Wer aber sind nun im Einzelnen die Dienstleistenden in diesem Gewerbe? Wer verrichtet dort welche Tätigkeiten? Wir finden angestellte Ärzt_innen und Laborant_innen in den »Kryobanken«, die wie alle größeren Gewerbebetriebe über ein Logistik-Netz, eine Administration und Verwaltung mit entsprechenden Beschäftigten verfügen. Dann gibt es die Klinikbetreiber_innen: Ärzt_innen, die zugleich Unternehmer_innen sind, es sei denn, es handelt sich um ein Zentrum einer größeren Klinikkette oder einer Universitätsklinik. In den Reproduktionszentren werden die gynäkologisch notwendigen Eingriffe durchgeführt, die die weibliche Kundschaft über sich ergehen lassen muss, um ihr erwünschtes Produkt zu erhalten: Superovulation durch Hormone, »Eierernte«, In-Vitro-Fertilisation, falls gewünscht: Präimplantationsdiagnostik und Transfer der befruchteten Eizellen in die Gebärmutter der austragenden Frau. Letztere kann mit der künftigen sozialen Mutter identisch sein, muss es aber nicht. Zu den Tätigkeitsfeldern ausländischer Reproduktionskliniken (in den USA, Indien oder der Ukraine zum Beispiel) gehören auch die Vermittlung und die medizinische Betreuung von Frauen, die als »Leih-« oder »Tragemütter« ihre Dienste gegen Entgelt anbieten und anstelle der künftigen sozialen Eltern die Schwangerschaft auf sich nehmen, das heißt ihr Körperpotential gegen Geld zur Verfügung stellen. (Dieses Angebot wird zunehmend auch von homosexuellen Männer-Paaren genutzt.) Die Betreiber_innen der Zentren sind nicht notwendigerweise mit den dort praktizierenden Ärzt_innen identisch.

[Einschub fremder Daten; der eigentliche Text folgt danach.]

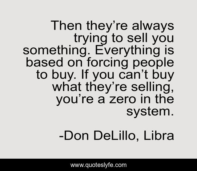 This page presents the quote "Then they’re always trying to sell you something. Everything is based on forcing people to buy. If you can’t buy what they’re selling, you’re a zero in the system.". Author of this quote is Don DeLillo, Libra. This quote is about society, capitalism,.
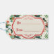 This gift tag features a classic vintage Christmas design on a lightly textured, off-white background, framed by holly and berry garland with red ribbons and small blue snowflakes. The main repeating image shows two adorable, rosy-cheeked retro-style snowmen wearing colorful winter accessories: one has a green knit hat and mittens and holds a red stocking, while the other wears a white knitted cap and fringed red scarf. The top of the paper prominently features the greeting "MERRY CHRISTMAS" in a simple black font, giving the paper a festive and nostalgic feel.
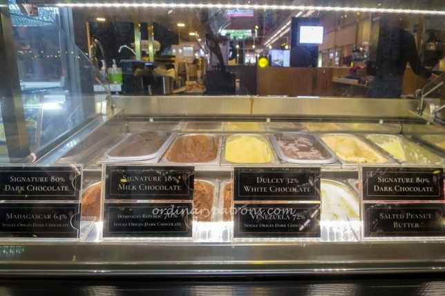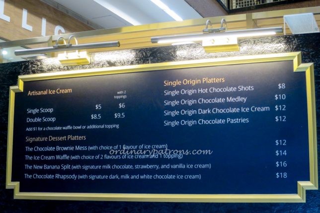 The Dark Gallery Menu contains a list of dessert items, mostly ice creams and various drinks. It is hard to imagine the items from the text. Better to go to the display and point. Plus, you can get to taste the ice cream before deciding. We ended up with a mix of ice-creams and a Single Origin Platter.

In der Ukraine beispielsweise fand ein fachfremder findiger Gründer für diese Geschäftsidee Kreditgeber und errichtete mit relativ geringem Aufwand und Risiko ein bald florierendes Unternehmen, das seine Werbung, die Akquise sowie den über Ländergrenzen hinweg funktionierenden unkomplizierten Kund_innen-Kontakt über das Internet abwickelt. Leihmutterschaft ist in Deutschland verboten. Hier beschränkt sich das Angebot der Reproduktionsmedizin auf die oben genannte Hormonbehandlung (mit dem Ziel, möglichst zahlreiche Eizellen zu entnehmen), auf die Aufbereitung von Spermien für die Insemination in die Gebärmutter oder für die In-vitro-Fertilisation (die Befruchtung in der Petrischale) beziehungsweise für das ICSI-Verfahren (Injektion eines selektierten Spermiums in die Eizelle). Zum Schluss werden die im Brutschrank entstandenen Embryonen in die Gebärmutter der Kundin implantiert.

 

Dafür, dass die Kundschaft nicht auf die wohlhabenden Schichten beschränkt bleibt, die sich die nicht ganz billigen Dienste leisten können, sorgt in den Staaten, die noch über Sozialversicherungssysteme verfügen, eine teilweise Kostenerstattung durch die Krankenkassen. »Ungewollte Kinderlosigkeit« ist nach bestimmten Kriterien als therapierbare Krankheit anerkannt. Je nach Aufwändigkeit des gewählten Verfahrens kostet ein Behandlungszyklus mehrere hundert oder auch – bei ICSI – bis zu 7000 Euro. In der Regel sind häufig mehrere solcher Zyklen notwendig, und nicht selten schlagen diese Versuche auch völlig fehl. Hierzulande erstatten die gesetzlichen Krankenkassen einen Teil der Kosten für eine begrenzte Zahl von Behandlungszyklen, wenn es sich um verheiratete Paare handelt, die Frau älter als 25 Jahre und der Mann unter 50 ist. Es gibt gesetzliche Einschränkungen, die von Staat zu Staat differieren. Diese Unterschiede in der mehr oder weniger großzügigen Handhabung von Restriktionen (zum Beispiel was homosexuelle Paare oder was gewerbliche Leihmutterschaft betrifft) beflügeln weitere Geschäftsideen aus dem Bereich des Medizintourismus: Klinikaufenthalte und Behandlungen im Ausland erzeugen – wie Urlaubsaufenthalte – den Bedarf an Hotels oder anderen Unterkünften und den damit verbundenen Bereichen der Gastronomie. Wir sehen: Der unstillbare Kinderwunsch hilft nicht nur denen, die sich unbedingt »fortpflanzen« wollen, sondern auch dem Bruttosozialprodukt.